▶ [Aim of the exercise]:
Please repeat the data exactly. Any picture in it stays out.

══ Input data ══

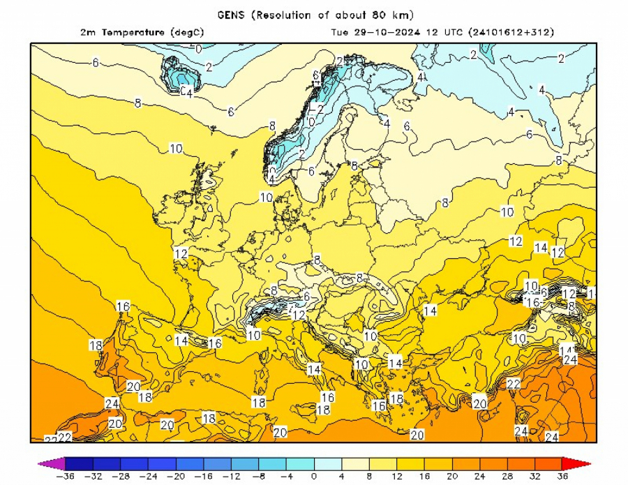 Od ponedeljka spajanje azorskog i sibirskog anticiklona, mnogo manje vetra i manji porast temperatura, gde ne bude magle maksimumi ponovo oko 20C.
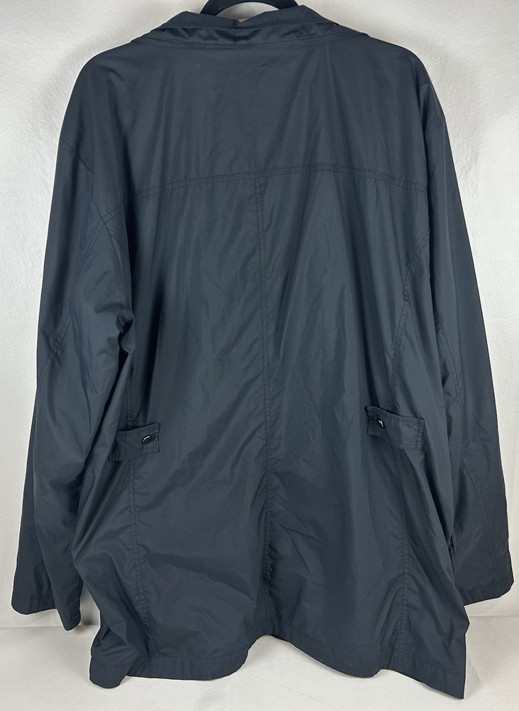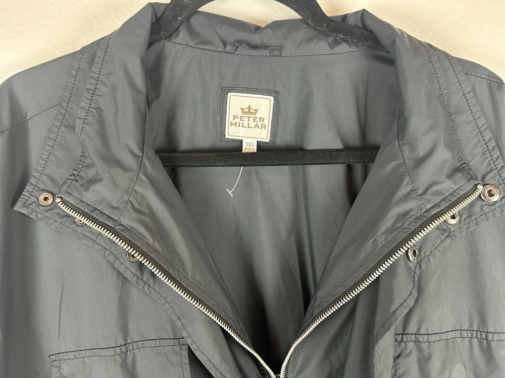 Crafted for the discerning gentleman, this Peter Millar Windbreaker Jacket combines functionality with classic style. The sleek black jacket is made from durable polyester, ensuring a comfortable experience that endures various outdoor activities such as golf, hiking, and walking. With a versatile mid-length cut and a practical elastic waist, the coat adapts to your form for a flattering fit. The jacket features a full zip closure with a stand-up collar, providing essential protection against the elements. Lined with polyester and featuring zipped pockets, the design ensures your essentials stay secure and dry. The lightweight yet wind-resistant and water-wicking qualities make it an ideal choice for all seasons, whether you're braving the wind or light drizzle. JACKET DOES HAVE A FEW STAIN ON THE INSIDE WHICH ARE PICTURED PLEASE REFER TO PICTURES CONDITIONS OF ITEM FEEL FREE TO REACH OUT FOR FURTHER QUESTIONS THANKS FOR LOOKING!
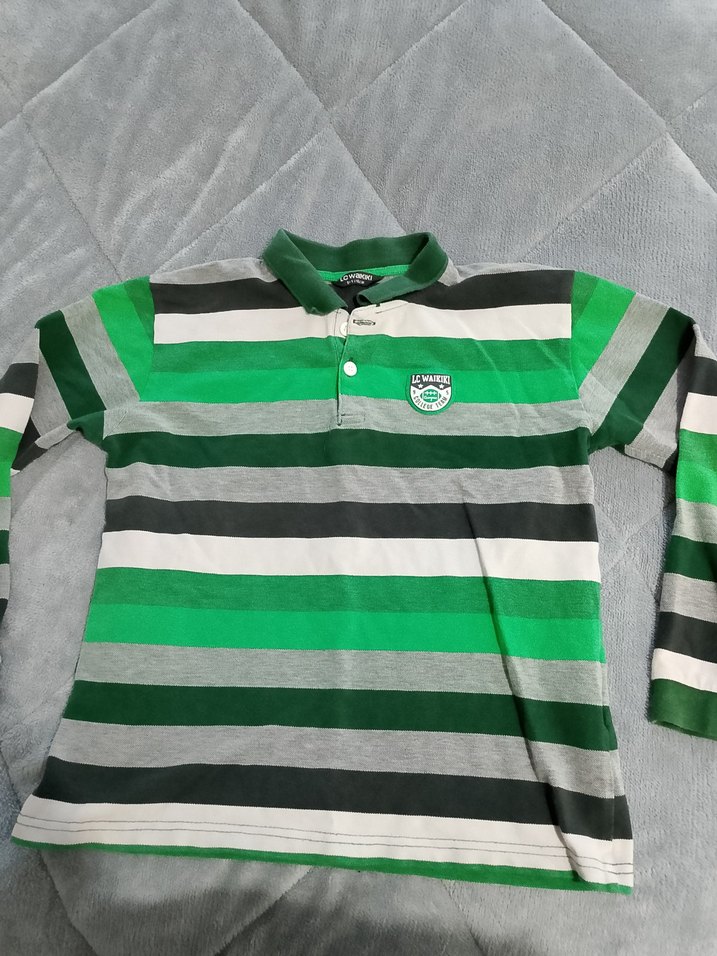 Yeşil Gri Çizgili Uzun Kollu çocuk Polo Tişört

═══

▶ [Output below]:
 Od ponedeljka spajanje azorskog i sibirskog anticiklona, mnogo manje vetra i manji porast temperatura, gde ne bude magle maksimumi ponovo oko 20C.
 Crafted for the discerning gentleman, this Peter Millar Windbreaker Jacket combines functionality with classic style. The sleek black jacket is made from durable polyester, ensuring a comfortable experience that endures various outdoor activities such as golf, hiking, and walking. With a versatile mid-length cut and a practical elastic waist, the coat adapts to your form for a flattering fit. The jacket features a full zip closure with a stand-up collar, providing essential protection against the elements. Lined with polyester and featuring zipped pockets, the design ensures your essentials stay secure and dry. The lightweight yet wind-resistant and water-wicking qualities make it an ideal choice for all seasons, whether you're braving the wind or light drizzle. JACKET DOES HAVE A FEW STAIN ON THE INSIDE WHICH ARE PICTURED PLEASE REFER TO PICTURES CONDITIONS OF ITEM FEEL FREE TO REACH OUT FOR FURTHER QUESTIONS THANKS FOR LOOKING!
 Yeşil Gri Çizgili Uzun Kollu çocuk Polo Tişört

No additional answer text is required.